§ Available data:
□ □ □
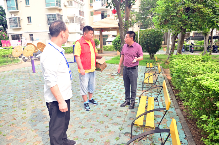 4月3日,桂林电子科技大学北海校区副校长王宪中到包干小区督导创城工作,小区物业负责人、校区创城专员陪同参加。
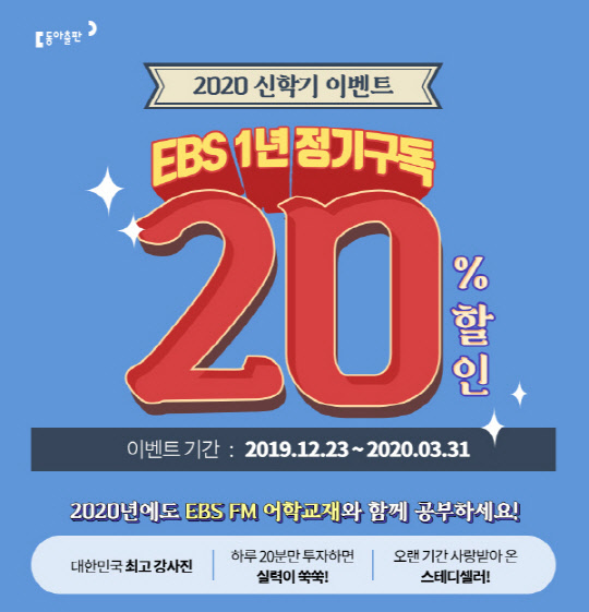 2019년 12월 23일부터 2020년 3월 31일까지 진행되는 이번 신학기 이벤트는 EBS FM 어학교재 10종을 대상으로 하는 기간 한정 이벤트로, 1년 정기구독 시 20% 할인 혜택을 제공하는 내용이다.
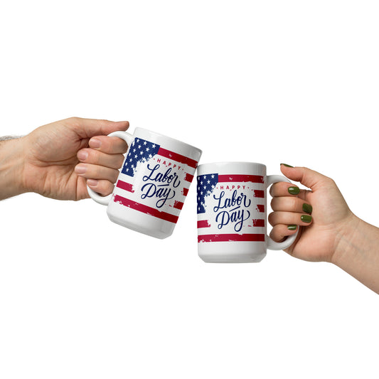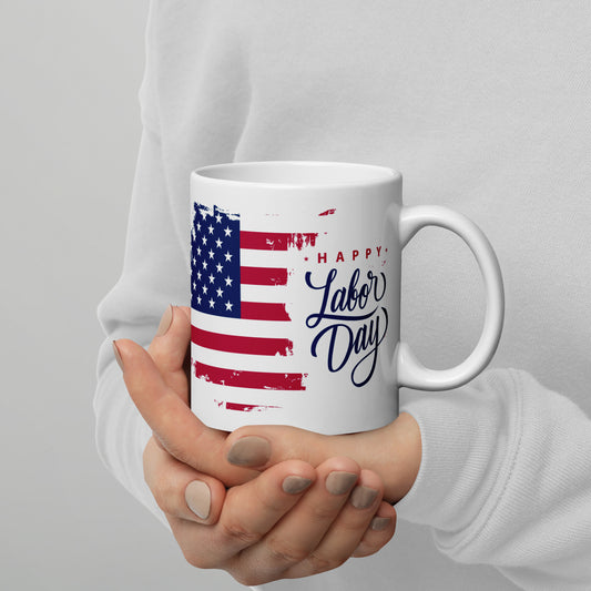 Labor Day #03 "HAPPY LABOR DAY" White glossy mug
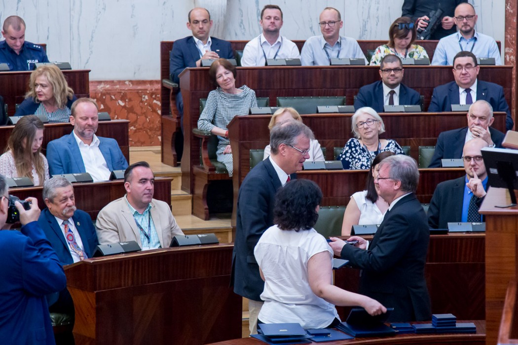 Podczas uroczystego otwarcia konferencji przewodniczący Sejmiku Jan Kawulok oraz dyrektor Zarządu Dróg Wojewódzkich w Katowicach Zbigniew Tabor wręczyli pamiątkowe medale dla współpracujących podmiotów i instytucji oraz długoletnich pracowników.
□ □ □
§ Problem details: An exact copy of the listing is required, excluding any pictures.

§ Problem solution:
 4月3日,桂林电子科技大学北海校区副校长王宪中到包干小区督导创城工作,小区物业负责人、校区创城专员陪同参加。
 2019년 12월 23일부터 2020년 3월 31일까지 진행되는 이번 신학기 이벤트는 EBS FM 어학교재 10종을 대상으로 하는 기간 한정 이벤트로, 1년 정기구독 시 20% 할인 혜택을 제공하는 내용이다.
 Labor Day #03 "HAPPY LABOR DAY" White glossy mug
 Podczas uroczystego otwarcia konferencji przewodniczący Sejmiku Jan Kawulok oraz dyrektor Zarządu Dróg Wojewódzkich w Katowicach Zbigniew Tabor wręczyli pamiątkowe medale dla współpracujących podmiotów i instytucji oraz długoletnich pracowników.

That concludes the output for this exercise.